Compared to confocal microscopy, light sheet microscopy generates 3,000 times the amount of data. Now, a custom-designed four-lens selective plane illumination microscope (SPIM) has become the first such microscope to process image data in real time and generate results rather than raw data. Using two high-speed sCMOS cameras and on-board image processing, the researchers, from the Max Planck Institute and Technical University (both in Dresden, Germany), delivered undistorted, high-resolution images of the entire endoderms of multiple zebrafish embryos in <10 s.1
|German researchers' specially designed four-lens selective plane illumination microscope (SPIM) is the first to generate high-resolution images, not just raw data, in real time.|
Jan Huisken, research group leader of Max Planck, explained, "We exploited the spherical geometry of the embryos and the speed and sensitivity of the Zyla sCMOS camera [Andor Technology, Belfast, Ireland] to compute a radial maximum intensity projection of each individual embryo during image acquisition. An entire zebrafish embryo can now be instantaneously projected onto a 'world map' to visualize all endodermal cells and follow their fate. This reveals characteristic migration patterns and global tissue remodeling in the early endoderm and, by merging data from many samples, we have uncovered stereotypical patterns that are fundamental to embryo development."

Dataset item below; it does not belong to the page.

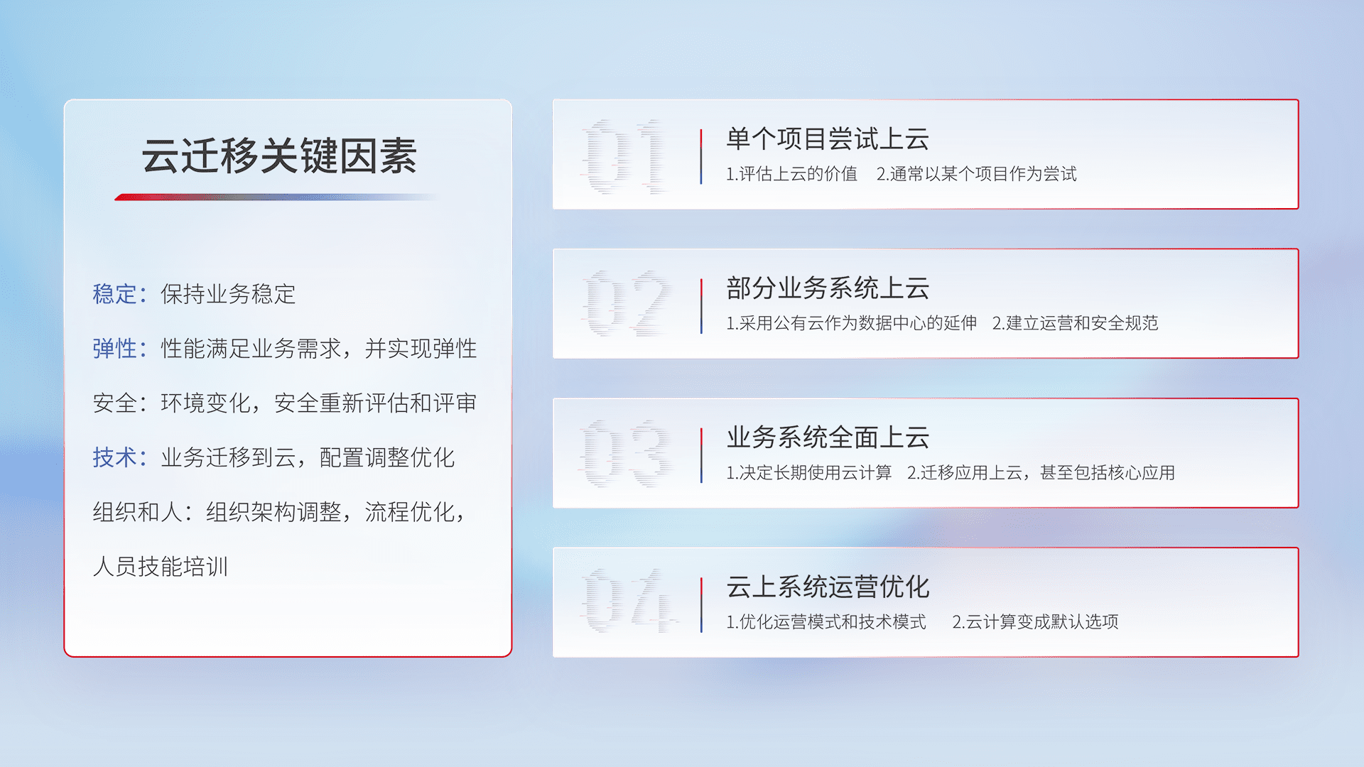 结合实际业务,,从规划设计、、云平台选型、、、云原生改造、、、、数据迁移、、、集成交付,,,迁移全过程为客户识别最佳上云路径,,做好风险识别管理,,,设计网络架构、、、身份权限、、、安全审计合规、、操作审计、、、日志审计、、监控告警策略、、、、多站点容灾设计等,,,对云上基础设施进行整体规划,,提升IT治理水平,,以满足弹性、、、高可用、、、高性能的需求。。。

The camera data were not saved at any point, so any 3D information not captured in the projection was lost. But the radial projection delivered immediate, pre-processed data for analysis and enabled experiments to be repeated rapidly. "This new technique will not eliminate the need for slow 3D imaging techniques in more complex shapes, but it is a highly effective strategy to streamline further analysis and increase throughput in many applications," he said.
1. B. Schmid et al., Nat. Comm., 4, 2207 (2013); doi:10.1038/ncomms3207.